▸ TASK:
Your job is to return each record exactly, minus any pictures.

++++++

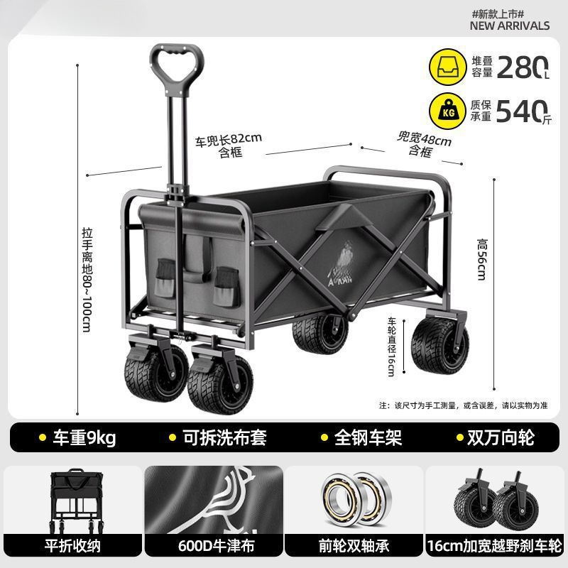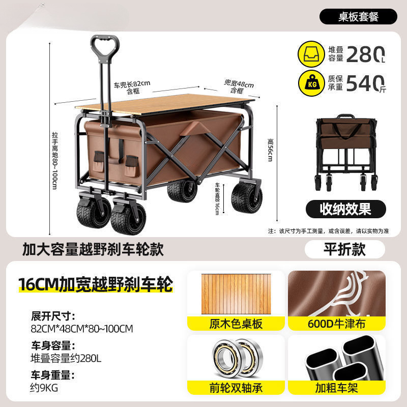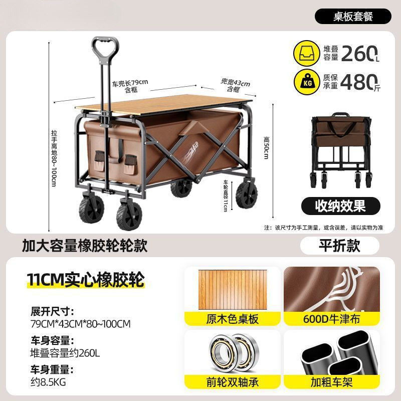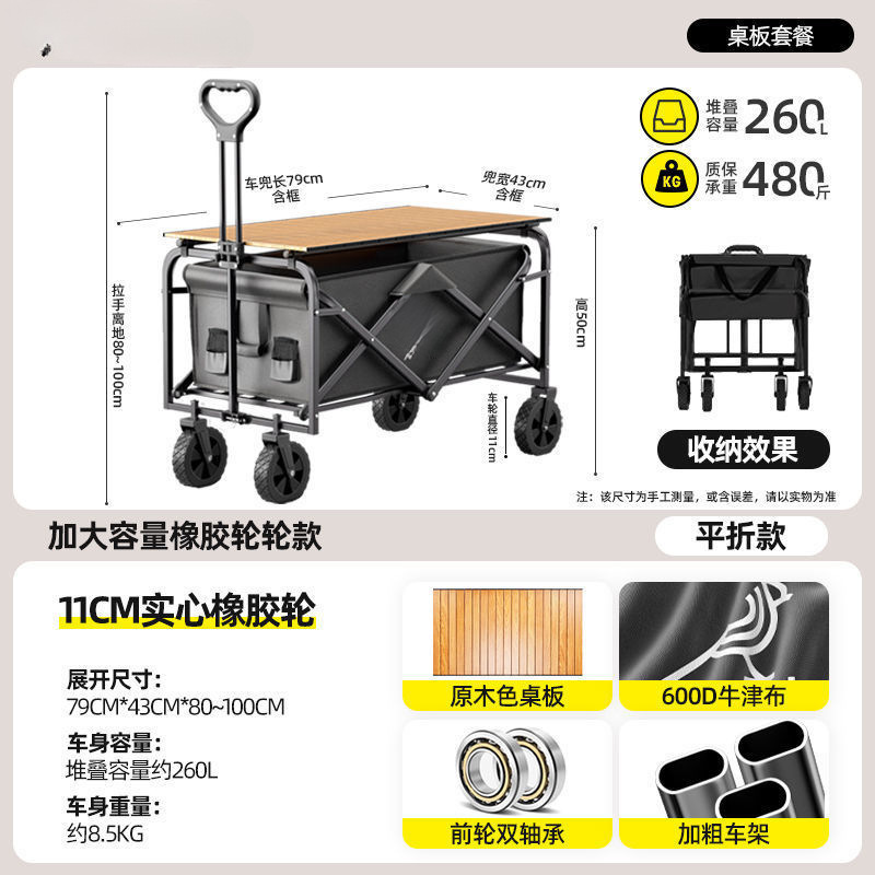캠핑 카트 접이식 야외 핸드 푸시 피크닉 자동차 풀로드 캠프 자동차 트레일러 대형 테이블 캠핑 카
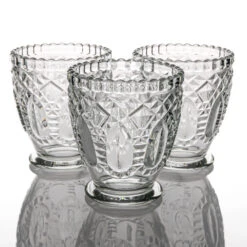 Regal & Romantic! This beautiful thick glass textured votive holder with a beaded edge is the answer to elevating your décor. The raised textured facets of the glass beckon the feel of jewels. With these many angles and shapes in the design, candle light dances about and creates its own special light show. This holder is glamorous yet classic; making it an excellent choice to upgrade centerpieces and displays for Weddings, Events, Restaurants, Home Décor, and more!
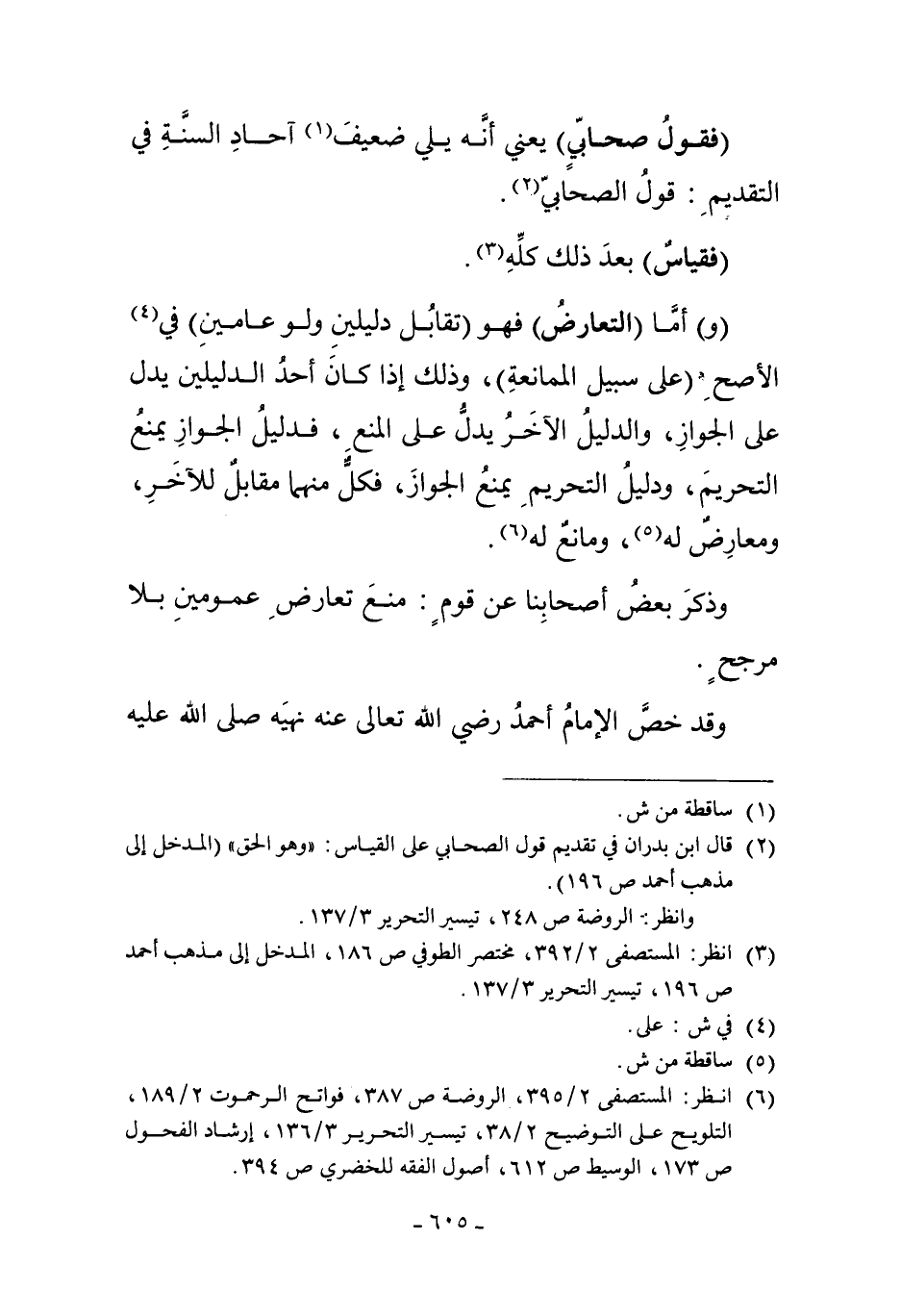 6 انظر: المستصفى 2/395، الروضة ص 387، فواتح الرحموت 2/189، التلويح على التوضيح 2/38، الوسيط ص 612، أصول الفقه للخضري ص 394.
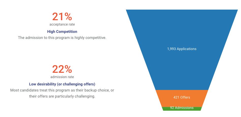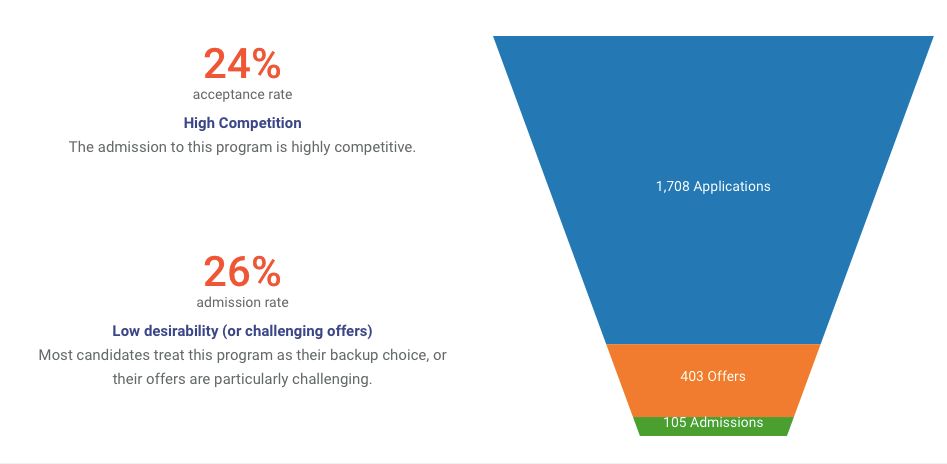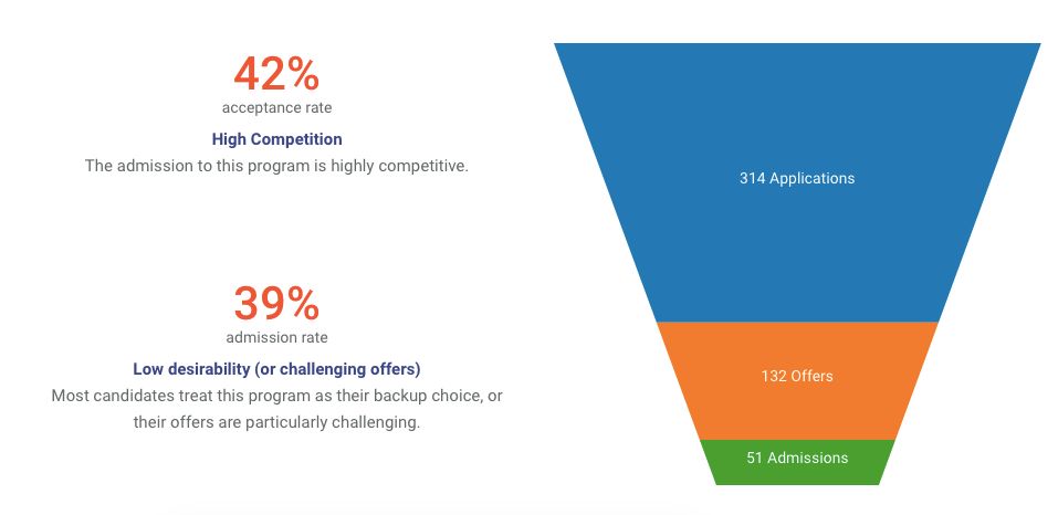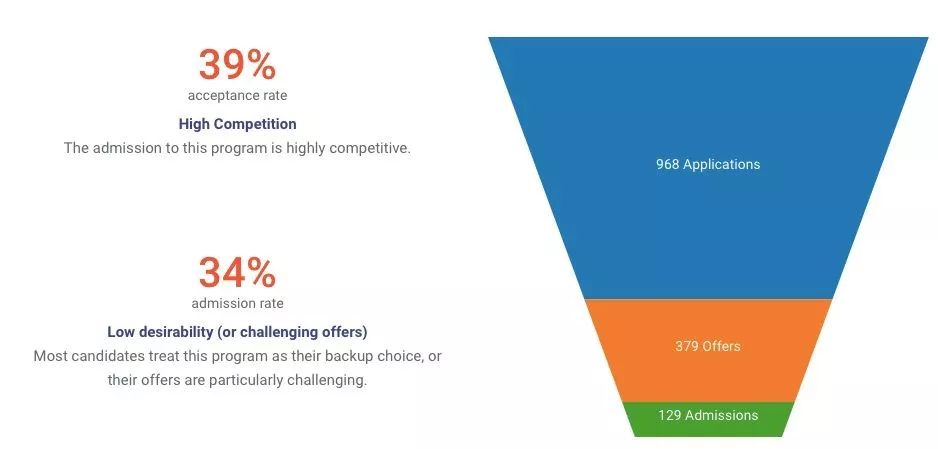 因为「申请人数」越多,竞争压力也就越大。这就是为什么有的同学即使成绩达标,却还是被拒——因为其他申请的同学比你背景更好。
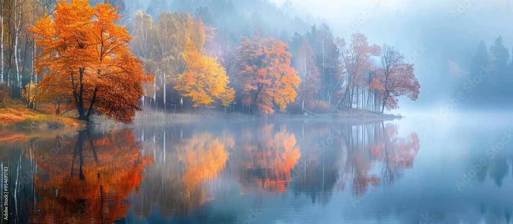Wall mural autumn colored foggy lake. with copy space image. place for adding text or design - Wall murals Wall mural autumn colored foggy lake. with copy space image. place for adding text or design - Wall murals
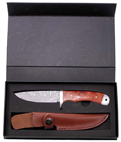 Nož proizvajalca Fox outdoor izdelan iz enainsedemdesetih plasti jekla DAMASK (amatsubu) končnega izgleda. Nožu je priložena usnjena torbica ročne izdelave, ki jo lahko namestimo na pas. Izredno lepa končna obdelava jekla ter kombinacija lesenega držala je vsekakor nekaj posebnega.
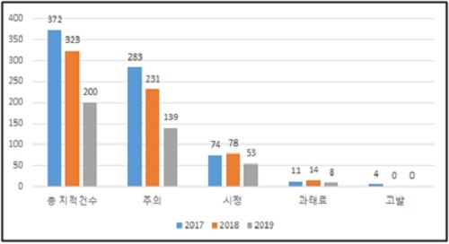 3년간 행정처분 추이를 살펴보면 `17년 372건, 지난해 323건, 올해 200건으로 지적건수가 현저히 줄고 있다.
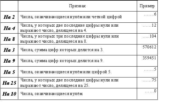 Ключевые слова: натуральное число, делимость чисел, признаки делимости
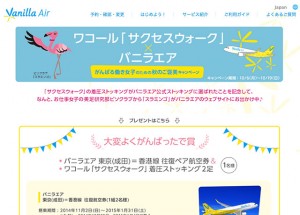「スラミンゴ」が搭乗するキャンペーン特設サイト(バニラエアのウェブサイトから)
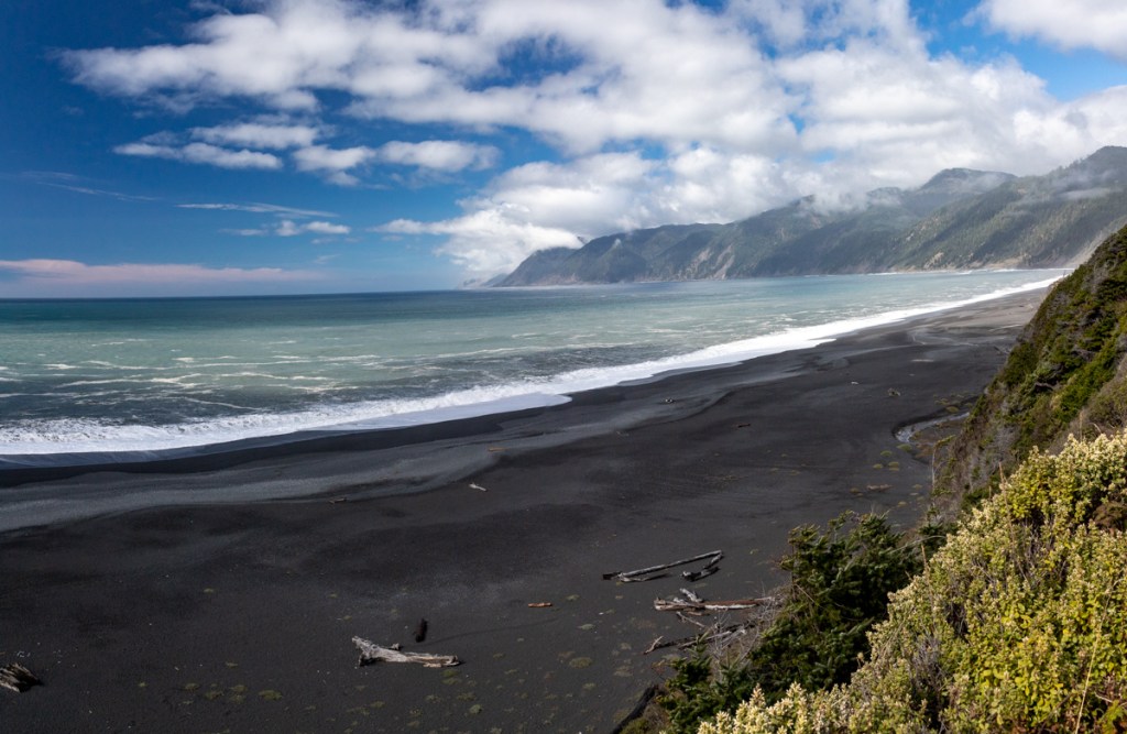 It is a staggeringly beautiful place. It reminds me a lot of the coastline on the western side of Kauai. Huge mountains just plummeting down into the sea. The Lost Coast Trail is a famous hike along the coast here, but it’s quite hard to get a permit. The sand on the beach is very black and well sorted — the grains are all very uniform in nature. For those that are interested, the sand comes from the erosion of a piece of ocean bottom floor that got caught up in the Mendocino triple junction, the place where three plates come together just north of Shelter Cove. It marks the transition from the strike-slip regime of the San Andreas fault to the subduction zone that makes up the Cascades.

++++++

▸ RESULT OF THIS EXERCISE:
캠핑 카트 접이식 야외 핸드 푸시 피크닉 자동차 풀로드 캠프 자동차 트레일러 대형 테이블 캠핑 카
 Regal & Romantic! This beautiful thick glass textured votive holder with a beaded edge is the answer to elevating your décor. The raised textured facets of the glass beckon the feel of jewels. With these many angles and shapes in the design, candle light dances about and creates its own special light show. This holder is glamorous yet classic; making it an excellent choice to upgrade centerpieces and displays for Weddings, Events, Restaurants, Home Décor, and more!
 6 انظر: المستصفى 2/395، الروضة ص 387، فواتح الرحموت 2/189، التلويح على التوضيح 2/38، الوسيط ص 612، أصول الفقه للخضري ص 394.
 因为「申请人数」越多,竞争压力也就越大。这就是为什么有的同学即使成绩达标,却还是被拒——因为其他申请的同学比你背景更好。
Wall mural autumn colored foggy lake. with copy space image. place for adding text or design - Wall murals Wall mural autumn colored foggy lake. with copy space image. place for adding text or design - Wall murals
 Nož proizvajalca Fox outdoor izdelan iz enainsedemdesetih plasti jekla DAMASK (amatsubu) končnega izgleda. Nožu je priložena usnjena torbica ročne izdelave, ki jo lahko namestimo na pas. Izredno lepa končna obdelava jekla ter kombinacija lesenega držala je vsekakor nekaj posebnega.
 3년간 행정처분 추이를 살펴보면 `17년 372건, 지난해 323건, 올해 200건으로 지적건수가 현저히 줄고 있다.
 Ключевые слова: натуральное число, делимость чисел, признаки делимости
「スラミンゴ」が搭乗するキャンペーン特設サイト(バニラエアのウェブサイトから)
 It is a staggeringly beautiful place. It reminds me a lot of the coastline on the western side of Kauai. Huge mountains just plummeting down into the sea. The Lost Coast Trail is a famous hike along the coast here, but it’s quite hard to get a permit. The sand on the beach is very black and well sorted — the grains are all very uniform in nature. For those that are interested, the sand comes from the erosion of a piece of ocean bottom floor that got caught up in the Mendocino triple junction, the place where three plates come together just north of Shelter Cove. It marks the transition from the strike-slip regime of the San Andreas fault to the subduction zone that makes up the Cascades.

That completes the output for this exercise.